The study moved beyond mere identification to establish a direct correlation between CH25H levels and patient prognosis. By analyzing large cohorts of human melanoma patients, the team demonstrated a statistically significant association between higher CH25H expression within the tumour microenvironment and improved patient outcomes. This prognostic value was particularly pronounced in patients receiving immune checkpoint inhibitors (ICIs), a class of drugs that unleash the immune system by blocking inhibitory pathways. The observation that patients with high CH25H levels responded better to ICIs suggests that CH25H not only contributes to a general anti-tumour immune response but also plays a synergistic role with these targeted immunotherapies. This data provides compelling clinical evidence for CH25H as a predictive biomarker for immunotherapy success.

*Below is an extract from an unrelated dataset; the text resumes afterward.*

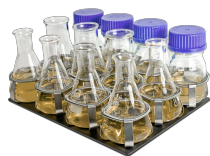
P-12/100 BS-010108-EK platform

Universal platform with adjustable bars for different types of flasks, bottles, and beakers with silicone mat.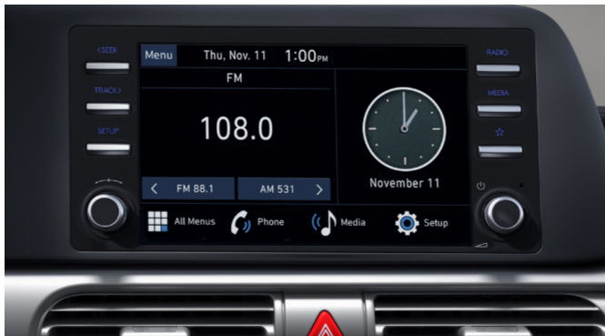
8" Display Audio with Smartphone Connectivity

Molecular Mechanism Unraveled: The Cholesterol-to-Immune-Booster Pathway

A critical aspect of the research involved elucidating the precise molecular mechanism by which CH25H exerts its beneficial effects. The enzyme’s primary function is to convert cholesterol into 25-hydroxycholesterol (25-HC). The study meticulously demonstrated that 25-HC is not just an inert metabolite but an active immunomodulator within the tumour microenvironment. Tumours are notorious for creating an immunosuppressive milieu, often by secreting factors that inhibit the activation and proliferation of immune cells, such as T lymphocytes. The UNIGE team provided compelling evidence that 25-HC directly counters this immunosuppression. It acts by preventing the inhibitory signals that normally dampen immune cell activity, thereby promoting the robust activation of anti-tumour immunity. This mechanistic insight builds upon previous knowledge of 25-HC’s role in antiviral immunity, expanding its functional repertoire to include anti-cancer defence.

Pre-clinical Model Validation: Establishing Causality

To move beyond correlation and establish causality, the researchers employed genetically engineered mouse models. By specifically deleting the CH25H gene within the lymphatic endothelial cells of mice (conditional knockout), they created a controlled environment to study the enzyme’s necessity. In these CH25H-deficient mice, melanoma tumours exhibited significantly reduced levels of 25-HC. Crucially, this reduction was directly linked to a profound suppression of anti-tumour immune responses, leading to accelerated tumour growth and a less effective fight against the disease. Conversely, studies involving vaccination with tumour antigens demonstrated a clear increase in both CH25H expression and 25-HC production, which correlated with enhanced immune cell activation and better disease control. These sophisticated in vivo experiments provided unequivocal evidence for the indispensable role of CH25H in orchestrating effective anti-tumour immunity.

Therapeutic Response Correlation: Informing Clinical Practice

The culmination of the supporting data lies in the direct correlation between CH25H expression levels and the response to immunotherapy in clinical settings. The consistent observation that patients with higher CH25H levels show a more favourable response to immune checkpoint inhibitors is not merely a statistical curiosity; it has direct implications for clinical practice. This robust correlation suggests that CH25H could serve as a valuable predictive biomarker, allowing clinicians to identify patients most likely to benefit from specific immunotherapies. Such a tool could revolutionize treatment stratification, moving towards a more personalized approach where therapies are tailored to the specific immunological profile of each patient, thereby maximizing efficacy and minimizing unnecessary treatments.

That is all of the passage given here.